Deadlock after fork when calling dgetrf_
Closed this issue · 5 comments
As described in numpy/numpy#30092 and scipy/scipy#23686, there is a deadlock in OpenBLAS when calling dgetrf_ after a fork. I instrumented the calls to LOCK_COMMAND and UNLOCK_COMMAND in blas_server.c and I think the problem is in exec_blas_async. This is "new" after #5170.

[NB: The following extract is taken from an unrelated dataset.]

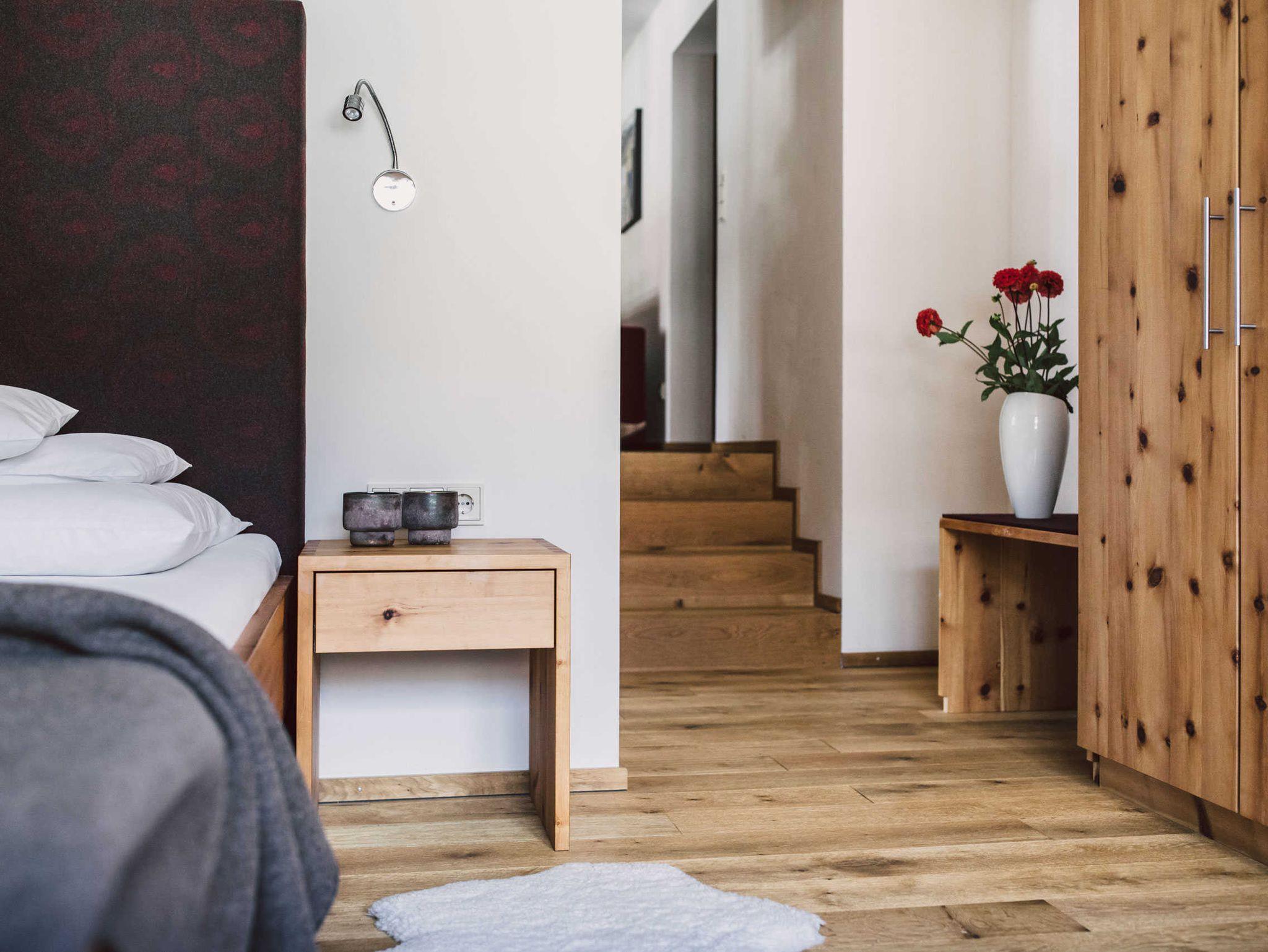 Freuen Sie sich auf exklusive, liebevoll eingerichteten Doppelzimmer mit Südbalkon oder unsere Apartments , alle mit Balkon, mit Liebe zum Detail und zur Natur eingerichtet, die Möbel aus Zirbenholz, feinen Loden- und Filzstoffen gefertigt ... und mit modern eingerichteten Küchen, falls Sie auch im Urlaub Ihrer Koch-Leidenschaft nicht widerstehen können!

Here is the main() of the test code
int main() {
int64_t m = 200, n = 200;
int64_t lda = m;
int64_t info;
int64_t ipiv[200];
// array is an identity matrix
double arr[200*200];
for (int i = 0; i < m*n; i += n + 1) {
arr[i] = 1.0;
}
printf("before fork\n");
pid_t pid = fork();
printf("after fork\n");
if (pid == 0) {
printf("inside child\n");
exit(0);
} else {
wait(NULL);
}
printf("before dgetrf\n");
dgetrf_(&m, &n, arr, &lda, ipiv, &info);
printf("after dgetrf\n");
and here is what I see with debug printing (on OpenBLAS HEAD, using ``)

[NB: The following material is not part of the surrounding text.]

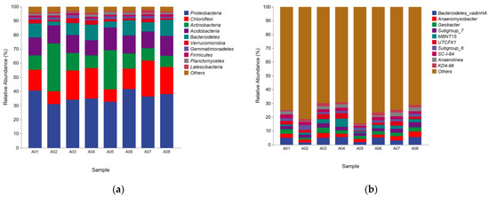 The relative abundance of microbial community (A01, A02, A03 and A04 are samples of W-S in summer, autumn, winter and spring, respectively; A05, A06, A07 and A08 are samples of W-G in summer, autumn, winter and spring, respectively): (a) Phylum level; (b) Genus level.

installing atfork handler in memory::openblas_fork_handler 2015
in blas_thread_init 565
in blas_thread_init 567 server_lock locked
in blas_thread_init 615
in blas_thread_init 623
in blas_thread_init 626 server_lock unlocked
before fork
in blas_thread_shutdown
in blas_thread_shutdown 1000 server_lock locked
in blas_thread_shutdown 1042 server_lock unlocked
after fork
after fork
inside child
in blas_thread_shutdown
in blas_thread_shutdown 1000 server_lock locked
in blas_thread_shutdown 1042 server_lock unlocked
before dgetrf
in exec_blas_async 644
in exec_blas_async 647 server_lock locked
in blas_thread_init 565
Note the call to LOCK_COMMAND in exec_blas_async, and then the call to blas_thread_init, which again tries to call LOCK_COMMAND. Boom.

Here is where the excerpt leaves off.